---- Source records
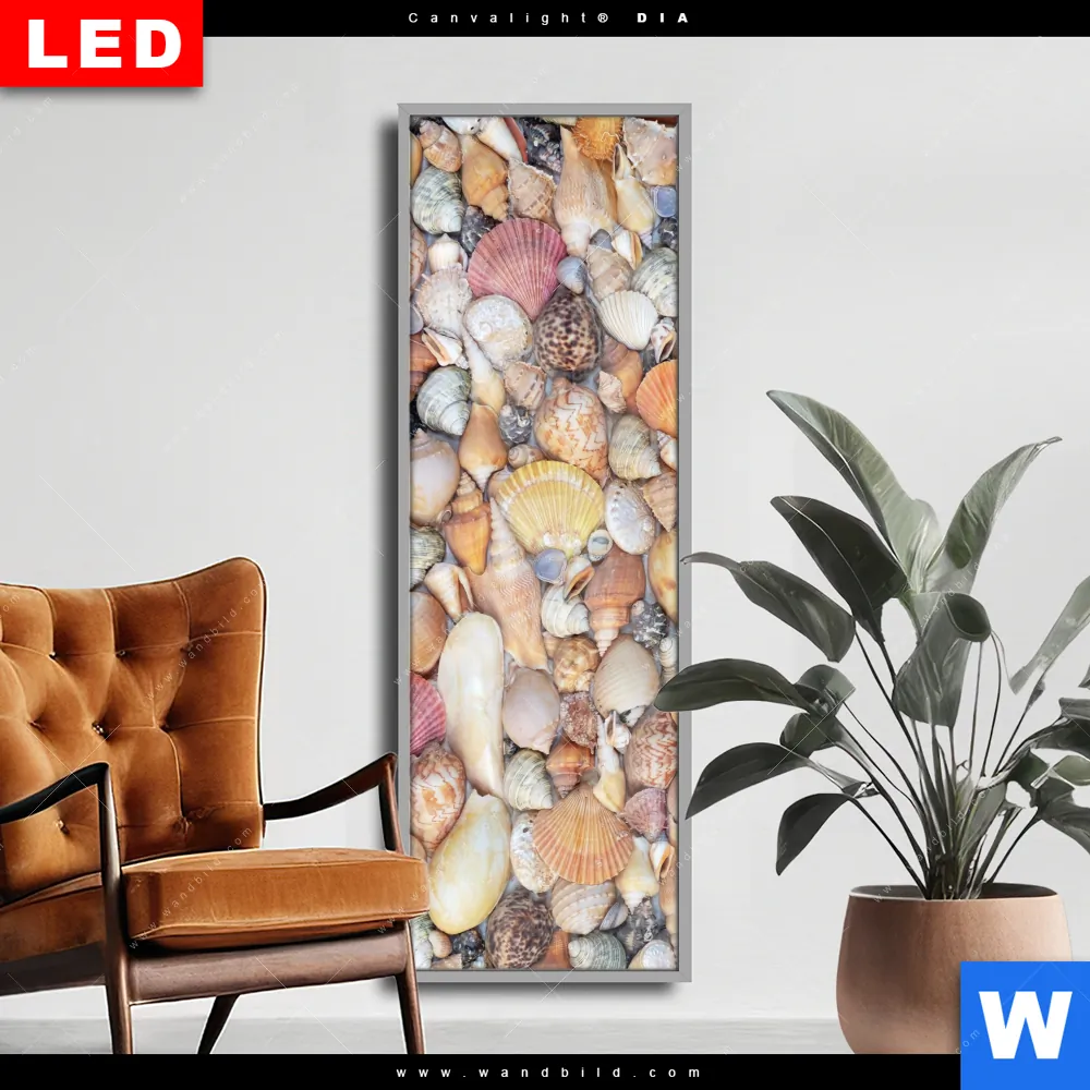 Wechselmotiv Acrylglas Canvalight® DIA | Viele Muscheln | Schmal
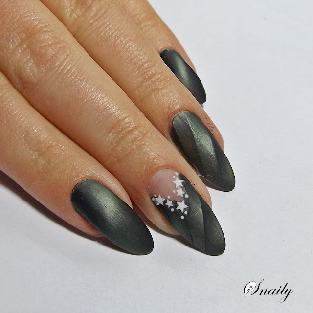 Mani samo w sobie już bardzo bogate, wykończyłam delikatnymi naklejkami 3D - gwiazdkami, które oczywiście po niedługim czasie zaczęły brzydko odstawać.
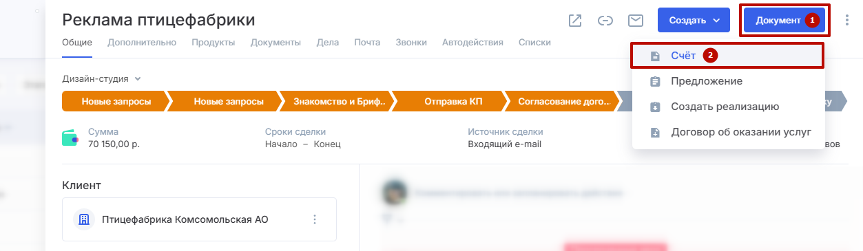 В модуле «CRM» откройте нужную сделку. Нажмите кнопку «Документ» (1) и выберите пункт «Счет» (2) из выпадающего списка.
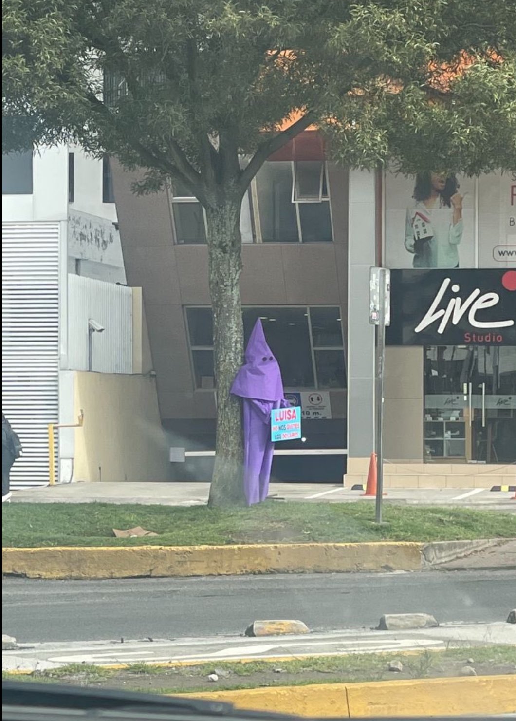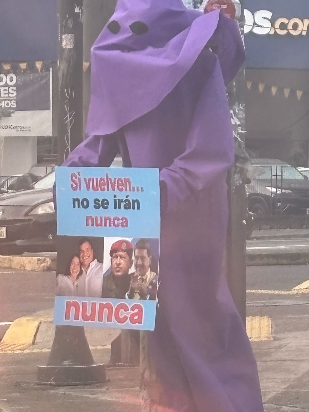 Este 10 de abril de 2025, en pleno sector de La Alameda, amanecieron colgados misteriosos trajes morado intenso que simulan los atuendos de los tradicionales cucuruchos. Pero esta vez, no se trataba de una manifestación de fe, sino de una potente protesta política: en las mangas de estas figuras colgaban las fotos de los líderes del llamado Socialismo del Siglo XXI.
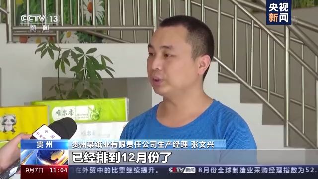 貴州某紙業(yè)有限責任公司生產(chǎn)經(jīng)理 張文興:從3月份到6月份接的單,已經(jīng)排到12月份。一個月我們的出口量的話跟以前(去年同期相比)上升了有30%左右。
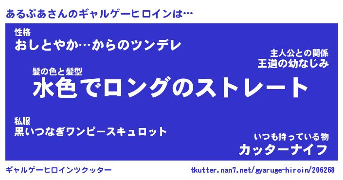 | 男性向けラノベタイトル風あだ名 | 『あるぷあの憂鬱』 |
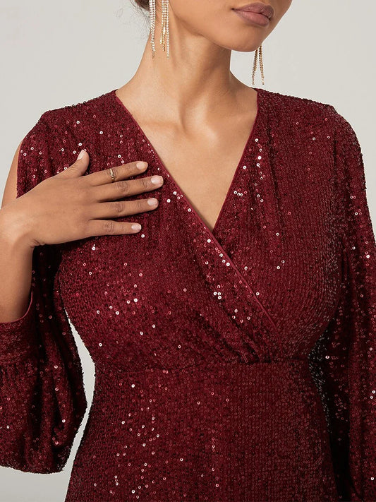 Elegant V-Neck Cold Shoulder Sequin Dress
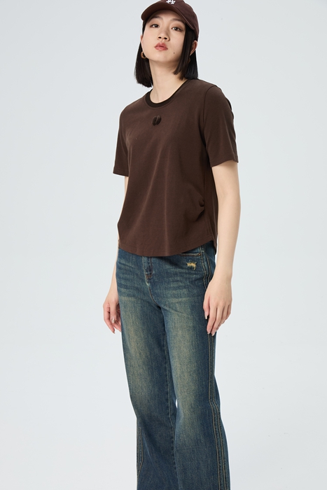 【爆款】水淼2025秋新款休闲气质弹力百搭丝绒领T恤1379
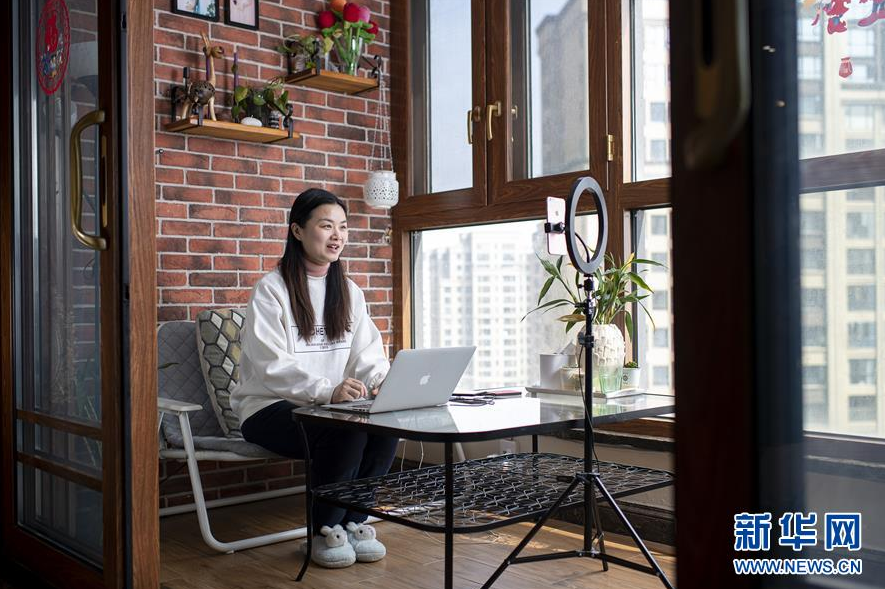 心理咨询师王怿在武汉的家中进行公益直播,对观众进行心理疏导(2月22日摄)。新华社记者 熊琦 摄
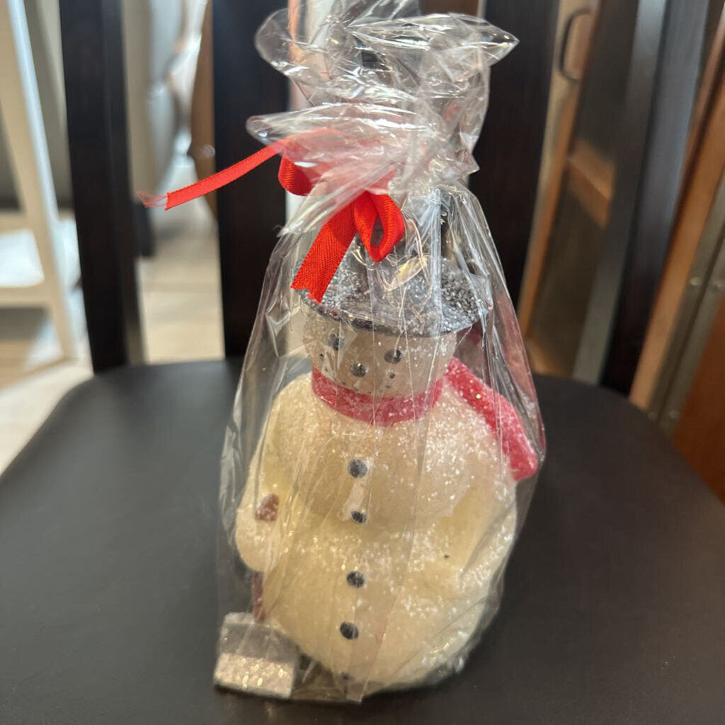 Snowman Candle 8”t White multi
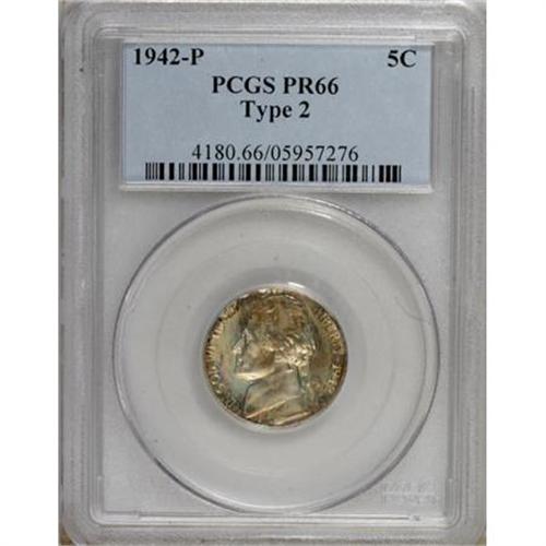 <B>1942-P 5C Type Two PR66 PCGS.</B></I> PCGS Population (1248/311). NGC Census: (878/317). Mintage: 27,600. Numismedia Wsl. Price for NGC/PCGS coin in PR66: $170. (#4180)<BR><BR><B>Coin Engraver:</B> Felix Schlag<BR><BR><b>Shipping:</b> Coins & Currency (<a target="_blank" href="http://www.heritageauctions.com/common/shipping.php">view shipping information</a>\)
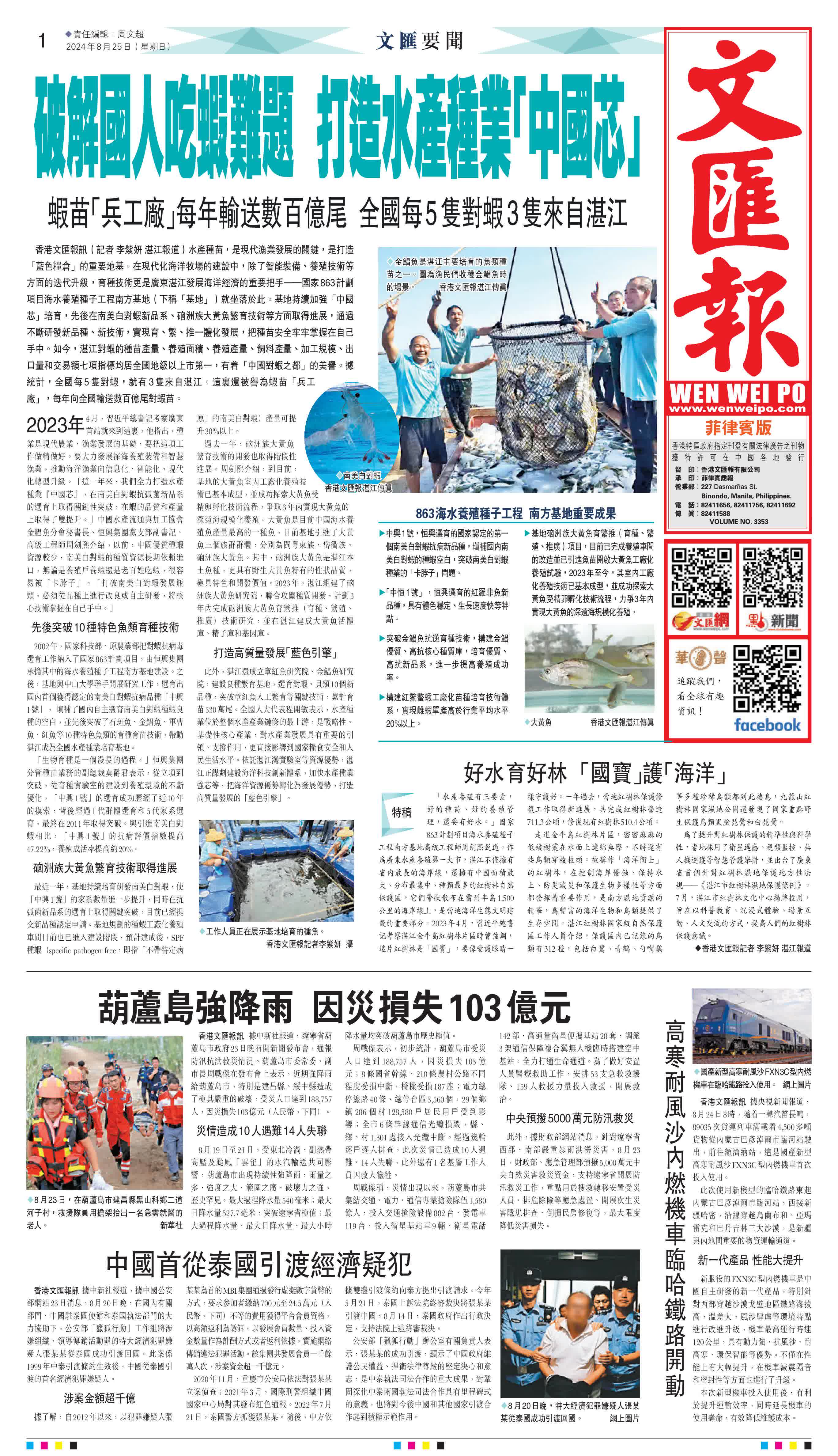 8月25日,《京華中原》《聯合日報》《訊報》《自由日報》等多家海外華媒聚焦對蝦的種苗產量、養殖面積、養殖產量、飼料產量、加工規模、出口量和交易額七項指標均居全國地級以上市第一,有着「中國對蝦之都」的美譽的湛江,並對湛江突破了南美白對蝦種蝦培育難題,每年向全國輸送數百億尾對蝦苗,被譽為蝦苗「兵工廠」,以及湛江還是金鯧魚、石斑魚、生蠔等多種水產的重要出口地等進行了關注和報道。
--------
## Brief
Make an exact copy of the records from their first line through the line containing "из выпадающего списка.", both ends included, with the pictures omitted.

## Final answer
 Wechselmotiv Acrylglas Canvalight® DIA | Viele Muscheln | Schmal
 Mani samo w sobie już bardzo bogate, wykończyłam delikatnymi naklejkami 3D - gwiazdkami, które oczywiście po niedługim czasie zaczęły brzydko odstawać.
 В модуле «CRM» откройте нужную сделку. Нажмите кнопку «Документ» (1) и выберите пункт «Счет» (2) из выпадающего списка.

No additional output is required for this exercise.